Think you just need one big skin fitting with a master valve. After the valve you can have a filter then after the filter fit a manifold with the required number of off takes, individually valved. Need to make sure the master skin fitting is big enough to supply all your off takes. On ships they have port and starboard sea chests and high and low ones. They change to high ones when in shallow water to avoid sucking up crud from the bottom.
 
There is a potential problem with the arrangement : if it is easier for an appliance on one leg to suck the water out of another appliance on another leg rather than to suck seawater from the through-hull, it will do just that. In other words: your watermaker could be sucking air from the refrigerator cooling water pipe, rather than suck seawater.

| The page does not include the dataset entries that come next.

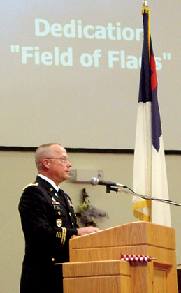 Chaplain (COL) Bruce Reed of the West Virginia National Guard reminded those at the service that each flag represents a face, a family member, a friend. Two were members of his brigade. “They were my friends. . . the faces I still remember,” said Reed.
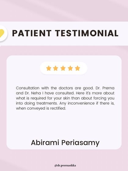 Hi, I’m Dr. Prerna Sikka. Dermatologist in Bangalore, obsessed with cutting through all the skin care noise. I studied MBBS, DDVL, and got my Aesthetic Medicine post-grad from London - all because I truly believe in science-based skincare, not magic pills. You’ll see me breaking down myths, sharing real advice, and making sure you understand your skin’s story. I love watching people’s confidence grow when their skin does.
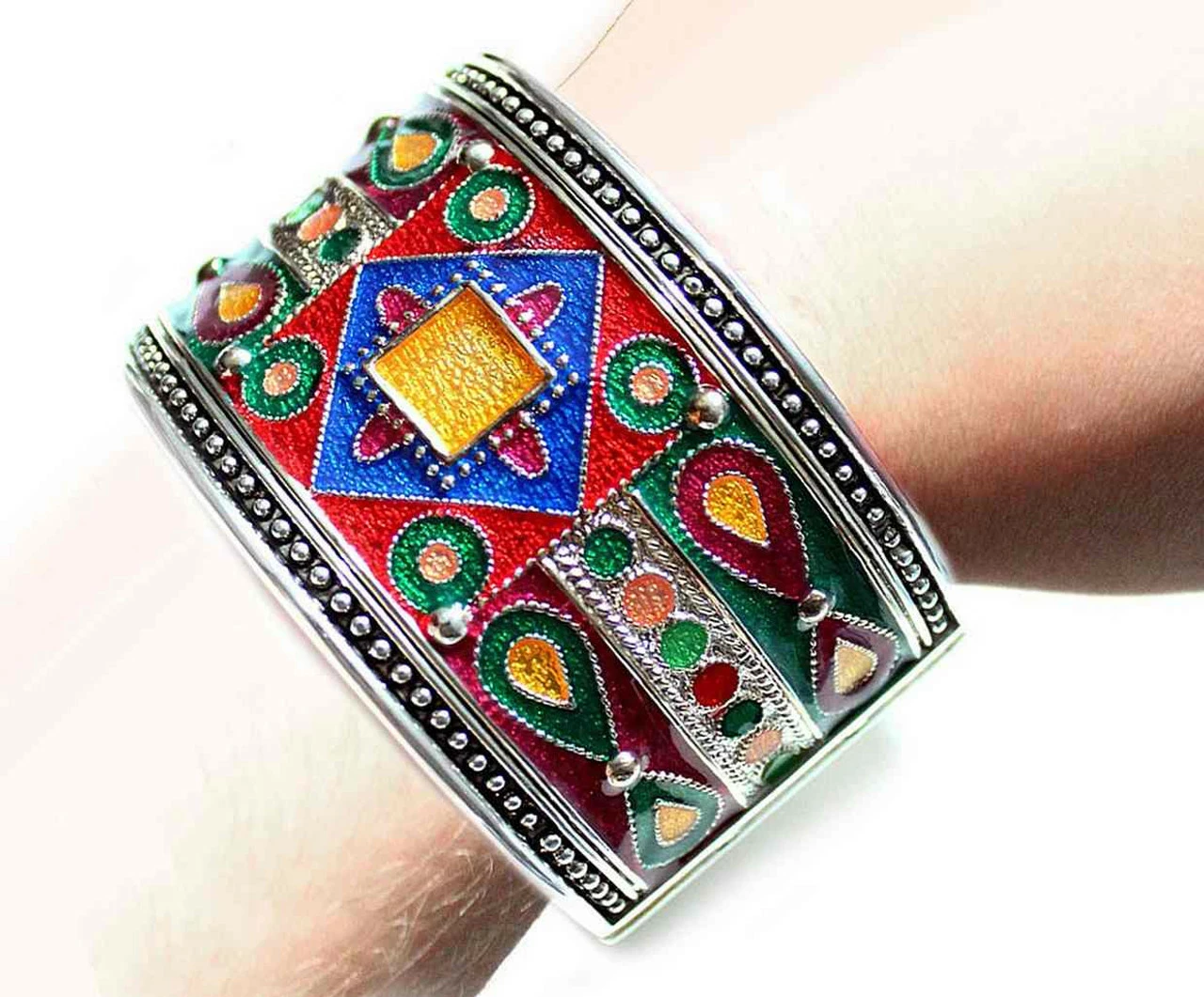 Wear this with any Gypsy or Arabian costume or with your own clothes and look absolutely amazing. It includes a silver hinge bracelet with a colorful design.
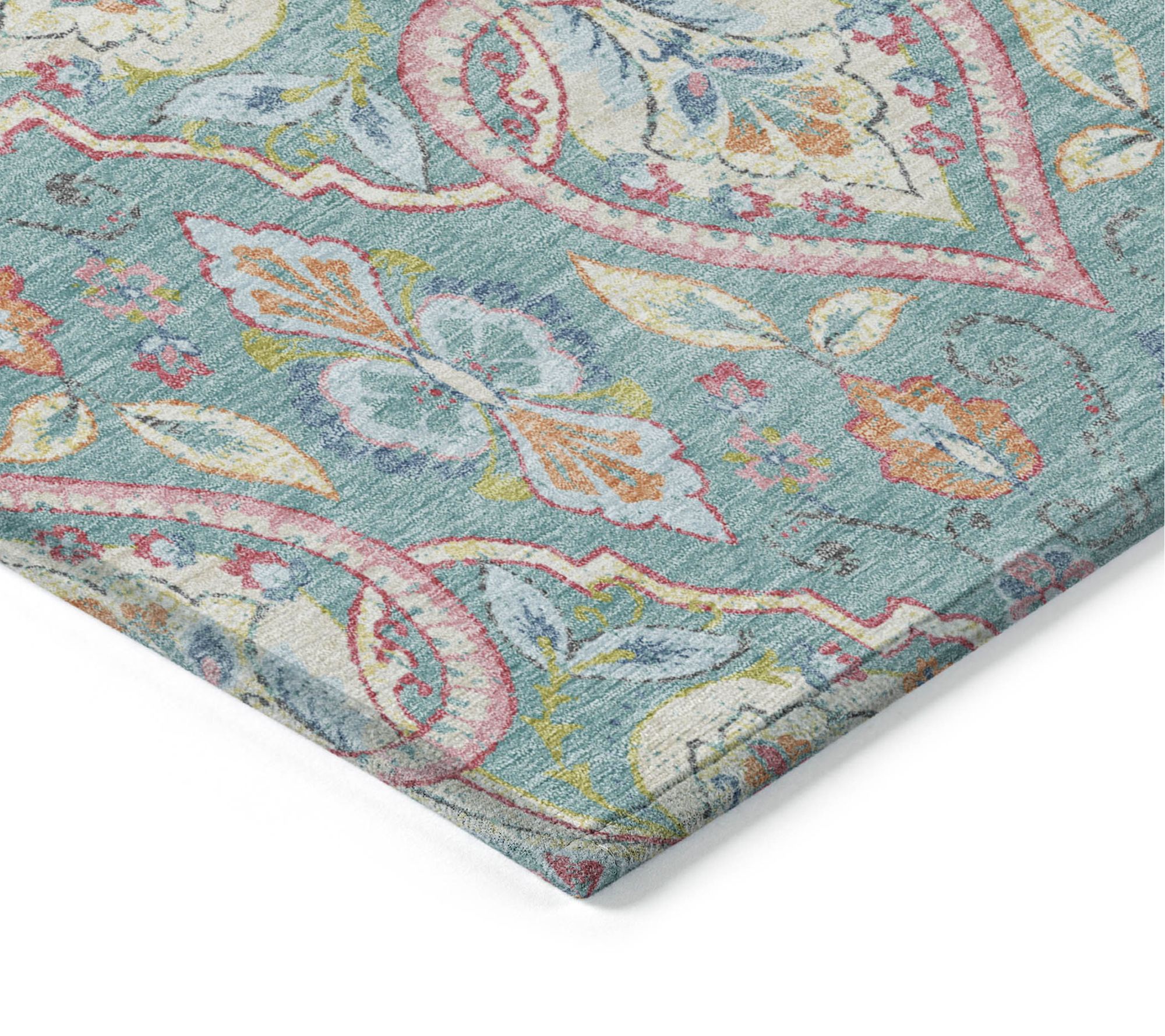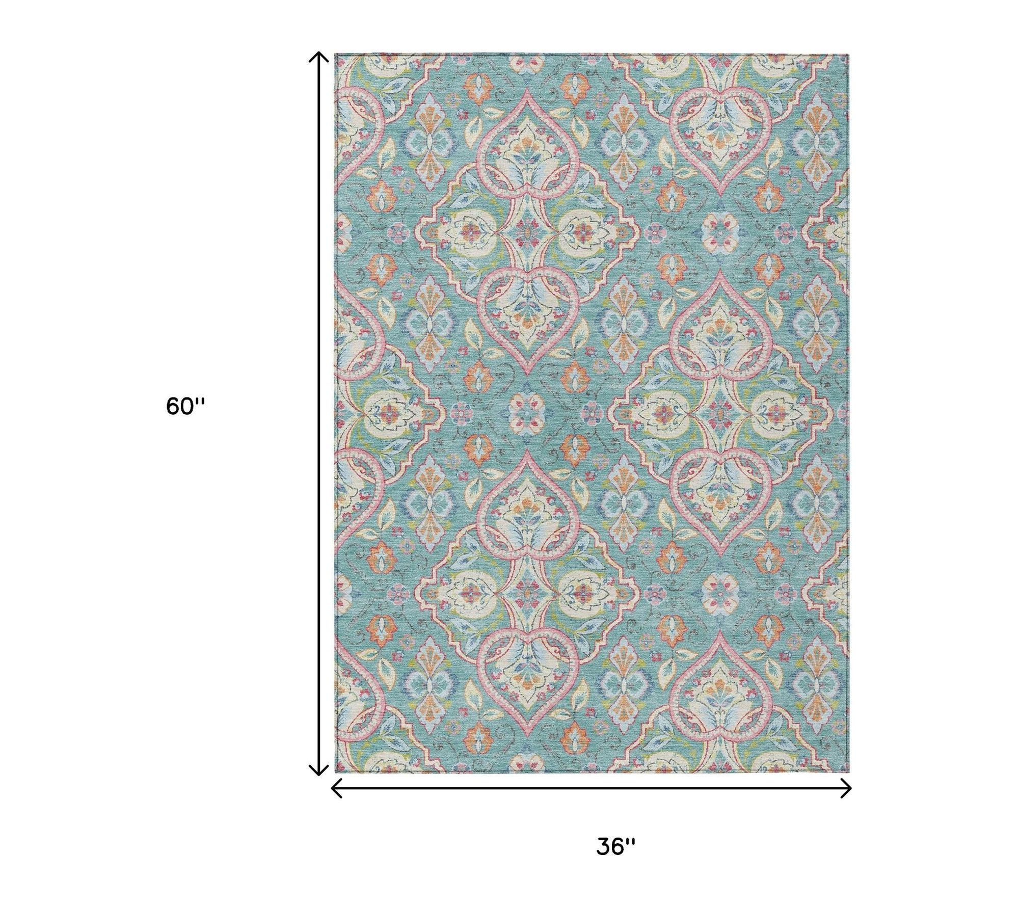 HomeRoots 3' X 5' Teal Blue Pink And Orange Ogee Washable Rug

The answer may be to install one-way valves if this happens.
 
There is a potential problem with the arrangement : if it is easier for an appliance on one leg to suck the water out of another appliance on another leg rather than to suck seawater from the through-hull, it will do just that. In other words: your watermaker could be sucking air from the refrigerator cooling water pipe, rather than suck seawater.

The answer may be to install one-way valves if this happens.

I agree that may well be necessary if you try to squeeze multiple uses from one skinfitting. But then you end-up with a bunch of horrible plumbing with multiple connections below the water line or horrible loops and yards of pipes and clips.

My strong advice, having been there, is to simply fit additional skin fittings, or else you must go the whole hog and fit a freaking great sea-chest. Many people seem to be paranoid about extra holes in their boat, but a properly fitted sea cock is perfectly secure and usually safer because of the reduced number of connections.
 
I agree that may well be necessary if you try to squeeze multiple uses from one skinfitting. But then you end-up with a bunch of horrible plumbing with multiple connections below the water line or horrible loops and yards of pipes and clips.

My strong advice, having been there, is to simply fit additional skin fittings, or else you must go the whole hog and fit a freaking great sea-chest. Many people seem to be paranoid about extra holes in their boat, but a properly fitted sea cock is perfectly secure and usually safer because of the reduced number of connections.

I agree entirely. Skin fittings are completely reliable and you can locate the new one where it needs to be. Incidentally I read recently that the Starlight 39, a highly desirable boat in most people's view, has 17 skin fittings!